MG We were very fortunate to get that awesome location. The property is actually owned by the family of cast member Angela Luevano, who plays the character “Katie” in the film. The property has been in their family for a couple of generations and really was the perfect backdrop for Point of Infection. When I first stepped foot onto the property it reminded me of the Indiana Jones ride at Disneyland. But instead of spending millions of dollars creating a set, nature had done it for us. You can walk around and find rusted pitchforks, rusty old barrel drums, abandoned tractors that look like they haven’t been operated in 50 years…all there for your filming pleasure. It’s such a unique properly with very kind and accommodating owners who really allowed us the freedom we needed to make this movie great. And, yes, there was a legitimate dead body found on the property a few months prior to shooting. Rumors have it that the deceased was performing secret experiments in an underground lab on the southeast side of the 13-acre lot. Something went terribly wrong one fateful night…evidence found hinted at a second person involved with the experiments but no second body was ever recovered. At the time of this writing the underground lab has not yet been located. Another rumor suggests that it was simply an overdosed druggie who was left behind by his friends. I guess we’ll never really know what happened…

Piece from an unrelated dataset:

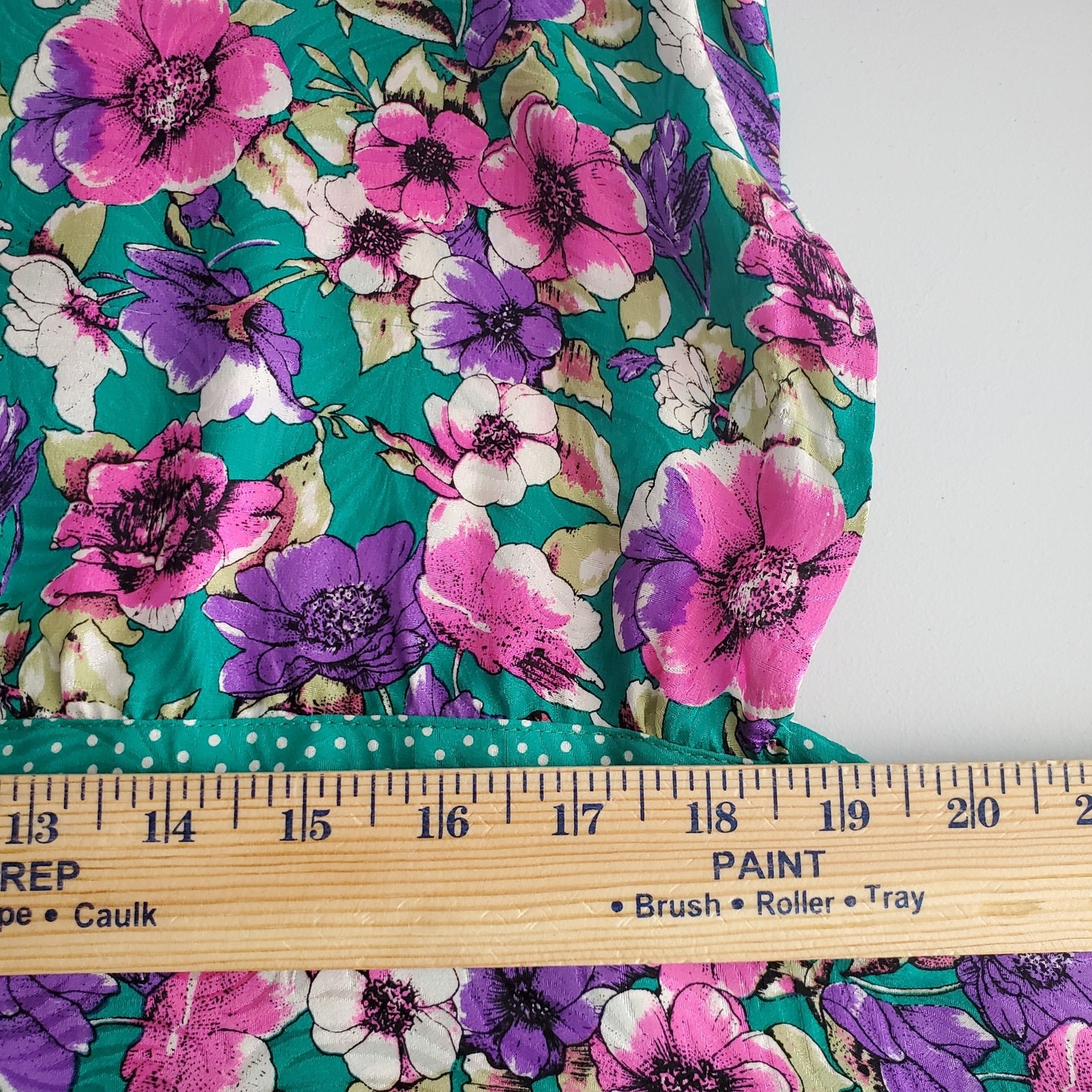 как выглядит Women 80s Diane Freis Silk Pink Teal Blue Floral Blouse M L Colorful Retro Artsy фото

MG Angela Luevano (Katie) and Sam Reid (Patrick) are both personal friends of mine. Angela has done work on the stage, in front of the camera doing some hosting gigs, as well as voiceover work. She’s really a talented young actress who was up for the challenge that the role requested of her. Although Sam had limited acting experience, he brought the passion and execution of a seasoned vet. Anthony Neustadt is a city college student and aspiring actor. The second I laid eyes on him I knew I had my Harry character. He really brought that character to life and was a pleasure to work with. As for the zombies… that was easy part. Who doesn’t want to play a zombie?
KS Tell me about some of the important people involved in this film and what their roles were.
MG There’s our amazing producer Paul Giret; without Paul none of this would’ve ever been possible. Our director Jodi Cilley from VideologiCo. Such a breeze to work with and so amazingly talented. Oscar Velasquez with his fancy cameras and lenses that I only hope to one day understand. My fellow writer Jean-Pierre Chapoteau. Watch out for this guy, he’s gonna make some noise one day. Beth Accomando who did a kick-ass job on makeup and a very special shout out to the Morse family for allowing us to use their home. This film would not have been the same anywhere else.
JPC Working with Martin on ‘Point of Infection’ was a real treat.The experience broadened my craft as a screenwriter, for I never co-wrote a screenplay at this length with anyone. If Martin and I could continue working on projects together, the San Diego Film Society will definitely be a force to be reckoned with
JC Filmmaking is truly a collaborative art form and everyone’s role is so important to the quality of the final product.